By it's nature and intent, the Senate gives small states more than their fair share of power. The 52 Senators from the 26 smallest states represent only 18% of the country's population, yet they constitute a majority of the Senate. That's a crime against democracy.
With the filibuster, Senators representing just 11% of the nation's population can block legislation wanted by the other 89%. That makes it a capital offense.
The Senate is one of those peculiar institutions forced into the Constitution at its birth — an unholy and undemocratic compromise, a necessary evil to get small states to ratify the document. Several of those unholy compromises have been corrected, some at enormous cost, but the Senate remains.
The disparity in population between the largest and smallest states is now more than five times what it was in 1790. At that time, the largest state, Virginia, had 12.5 times the population of the smallest state, Delaware. In 2010, the largest state, California, had more than 65 times the population of the smallest state, Wyoming.
"One person, one vote" sounds great until you realize the votes aren't equal. When measured by representation in the Senate, a single vote in Wyoming is worth 65 votes in California. If votes aren't equal, how can the voters be equal?
What lesson does the filibuster give to our children and to others around the world yearning for democracy? It sends the message that it is acceptable (even right and just, if you listen to them) for minority elites to thwart the majority; that being in the majority does not mean that you deserve to prevail; that there is something else that determines who wins. It is a profoundly subversive and anti-democratic message, and it's a dangerous message. Extremists of all stripes take heart from the message that it's acceptable to thwart the majority and to impose extreme views on it.
The Senate was a foul compromise from the very beginning. Now it is rotten to the core; a huge, festering tumor weighing our democracy down; making it all but impossible to address the severe problems confronting this nation that need to be solved. If the will of the majorities were enacted in national policies — as would happen in a truer democracy — we could make real progress toward solving some of our big problems.
With the recent Republican abuse of its current, extremely anti-democratic filibuster rules, the Senate has taken a profoundly undemocratic institution and made it worse. By giving so much power to block the majority to such a small minority, the dysfunction in the Senate raises the question of whether this nation really is a democracy anymore. We may still be a great nation, but we're not a great democracy, and the Senate is the main reason.
The essential characteristic of democracy is majority rule.

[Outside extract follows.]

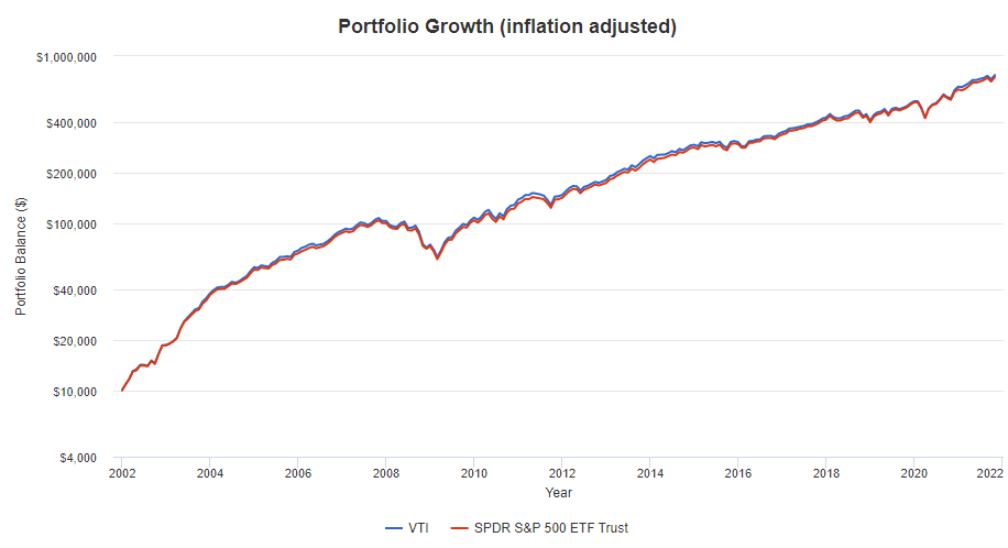 VTI와 SPY ETF를 비교해봤는데 장기투자했을 경우 퍼포먼스는 거의 비슷했지만 VTI가 조금 더 좋은 수익률을 보여줬음을 확인할 수 있었습니다. SPY가 Large로 구성된 반면, VTI가 다양한 시가총액으로 구성된 종목들을 포함하고 있었기 때문에 중소형주에서 좋은 수익률을 냈음을 판단해볼 수 있습니다.

Within the limits of individual rights set out in a constitution, the will of the majority would prevail in a democracy. It is the right of the majority to pass its policies and legislation. It's as if we live in a kind of post-democracy, where the majority will is often thwarted by minority elites.
Much is written of the rights of the minority, but what of the rights of the majority? The rules of the Senate blatantly violate both the rights of the majority and the principles of democracy.
The right of the minority is this: the right to be heard in order to try to persuade others to your view. If you are still in the minority after making your case, then you lose the day. The majority wins.
Senators who support allowing a minority to block the majority are enemies of democracy. The Founders warned of people like that, and called them tyrants.